そんなハリーのもとに「ホグワーツ魔法学校の入学許可証」が届く。
そこで初めてハリーは自分が魔法使いであることを知る。
しかも、自分の両親が闇の帝王であるヴォルデモートに殺され、ハリー自身もヴォルデモートに命を狙われていたことを知る。両親がハリーを守ったことによりヴォルデモートは瀕死の状態となり姿を消していた。
第一ターニングポイント(二幕へと向かう転換点)ハリーは、ホグワーツ急行に乗り、ホグワーツ魔法学院へと向かう。
第二幕(葛藤)
ハリーのホグワーツ魔法学院での生活が始まる。
魔法を学びつつ、ロン・ウィーズリーという少年と、ハーマイオニー・グレンジャーという少女との友情を育んでいく。
ミッドポイントハリーの命が狙われる。ハリーの命を狙ったのはスネイプ先生だと思われた。
ハリーとロン、ハーマイオニーは、闇の帝王ヴォルデモートがスネイプ先生を使って、学校内に隠されている「賢者の石」を奪おうとしていることを知る。
「賢者の石」をヴォルデモートが手に入れるとヴォルデモートは魔法界に復活しまう。
第二ターニングポイントハリー達は、ダンブルドア校長のいない今夜を狙って、スネイプ先生が「賢者の石」を奪いに来ると悟り、自分たちでそれを阻止しようとする。
第三幕(解決)
ハリーは、闇の帝王ヴォルデモートと対決することになる。
ハリーが勝利する。
※「ハリー・ポッターと賢者の石」(J.K.ローリング著/静山社刊)の内容を例にしています。

「三幕構成」について詳しくは、「三幕構成とは|おすすめ本とハリウッド式メソッドを紹介」を参考にしてください。

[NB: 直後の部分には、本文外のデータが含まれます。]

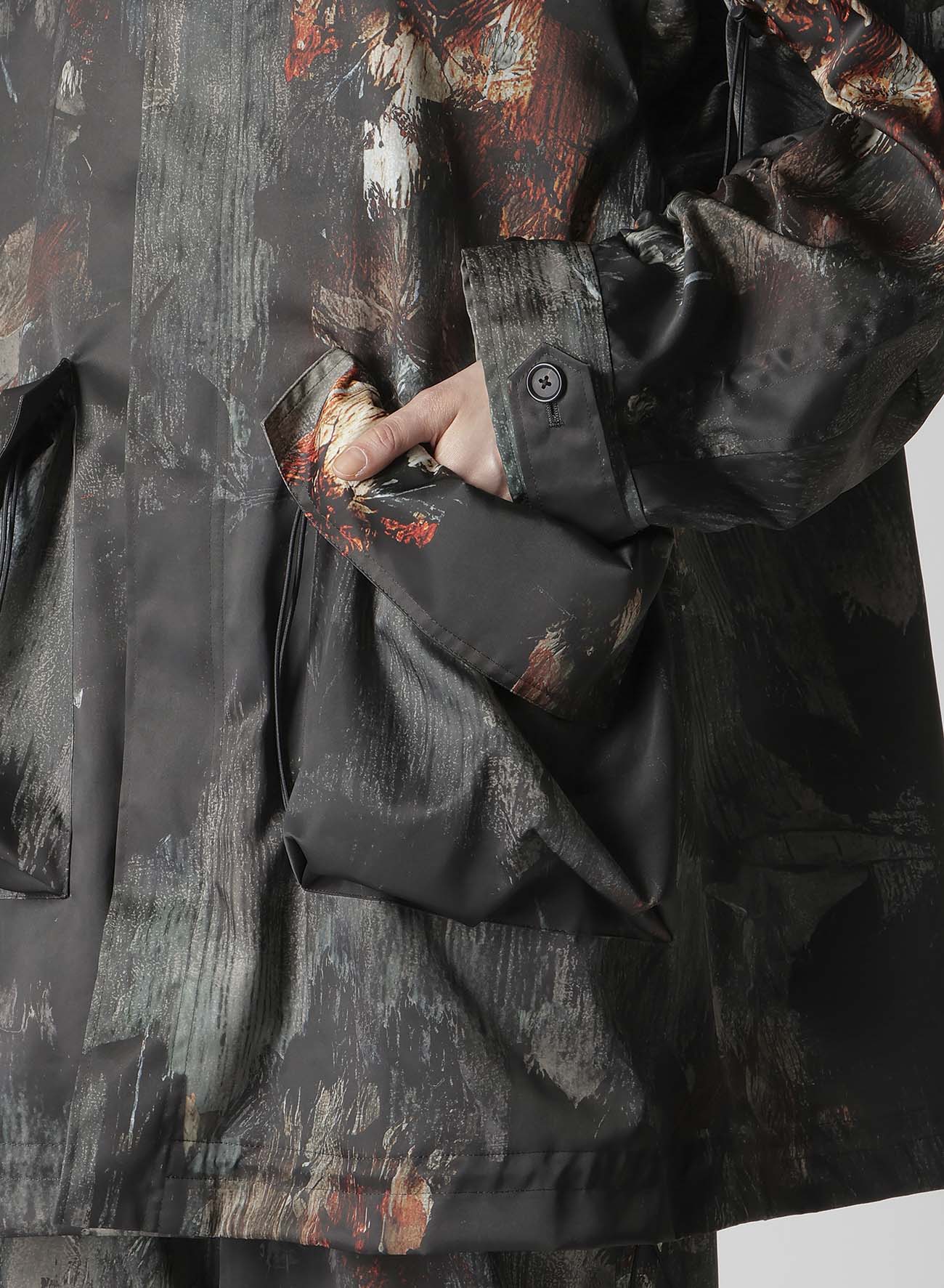 A vibrant flower print adorns this nylon twill adjustable coat. Designed for a relaxed fit, it's easy to layer over any inner wear. Featuring adjustable drawstrings for customized styling. Note: the model's image uses a sample item; the final product may differ. Refer to SIZE INFO for details.

上記のような枠組みに分けて、プロットを書くと、足りない展開ポイントを把握することができます。足りないポイントを生めながらストーリーを展開を考えていくことができます。

まとめ

プロットの書き方について紹介しました。

プロットは、これから作る物語の流れを膨らましたり練り直したりすることのできる便利な手段なため、ぜひ活用するようにしてください。

名作映画などからプロットを書き起こして見ることも、創作の勉強となるため、おすすめです。多くの映画を見て参考にしつつ、どんどん自分でも作品を書いていくようにしましょう。